Usage models are different on a 7” tablet versus a 10″ tablet. 7″ tablets are more appropriate as content consumption devices, driven primarily by the screen size and input methods. If you have ever had to type out a lengthy email on a 7” tablet, you know what I mean. Typing on a tablet entails some very uncomfortable typing where half the display is covered by the on-screen keyboard. 7” tablets are great, however, for reading and deleting emails, watching videos, reading e-books, and browsing simple web sites.
With all of this considered, I believe this means that those with the 7” tablets have a greater need for a modern notebook more than those with a 10” tablet. This is not to say that I expect the market for MacBooks and PC notebooks to explode immediately with amazing growth, but I do believe it will lead to increased notebook sales. When you consider the aging installed base of low battery life, thick and chunky Windows XP and Vista-based notebooks, my thesis gets stronger.
Net-net, the popularity of 7” tablets make notebooks look more attractive and I believe will give a boost to MacBooks and Windows notebooks.
Until the Nexus 7 and Kindle Fire HD arrived, the “tablet” market was really the “iPad” market. While not providing the best experience, 7″ Android tablets provide a good enough consumer experience at a very low entry price. The iPad mini launch validated the 7-8″” tablet market and, based on DisplaySearch figures, the mass of volume appears to be headed to the 7” form factor. This shift brings with it two key implications.

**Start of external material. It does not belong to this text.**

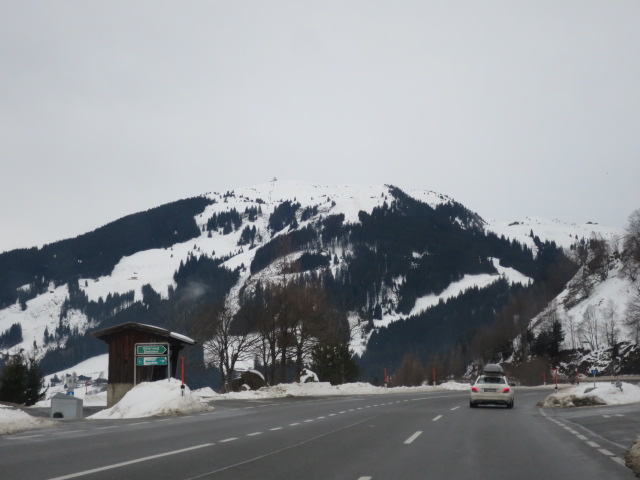 | 番外編5 帰りの道中にあるスキー場。ここは有名なキッツビューエルのパス・トゥルンエリア。なんと雨です!!えらい時代です。 |
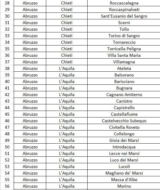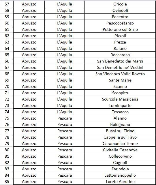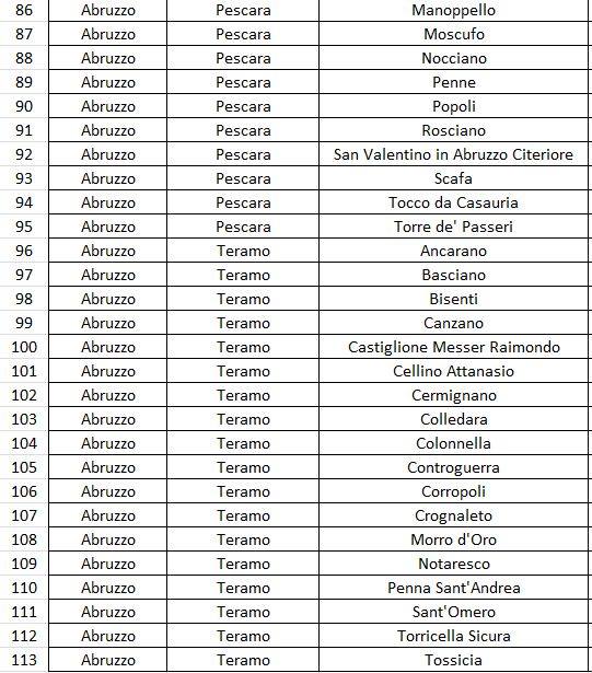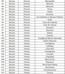 Questi i 113 Comuni della prima fase:

Android will becomes a player in the tablet market and with it, brings much more competition across OEMs, ODMs and even component suppliers. This increased competition will drive lower prices and hopefully more innovation. There is a case to be made that only those with subsidized business models or a stellar brand will survive, but we will have to wait and see on that. Finally, I think notebooks will get a boost from the popularity of 7” tablets driven by the usage model differentiation between the two devices, which is absolutely the most ironic implication.
Who thought a display size change was boring?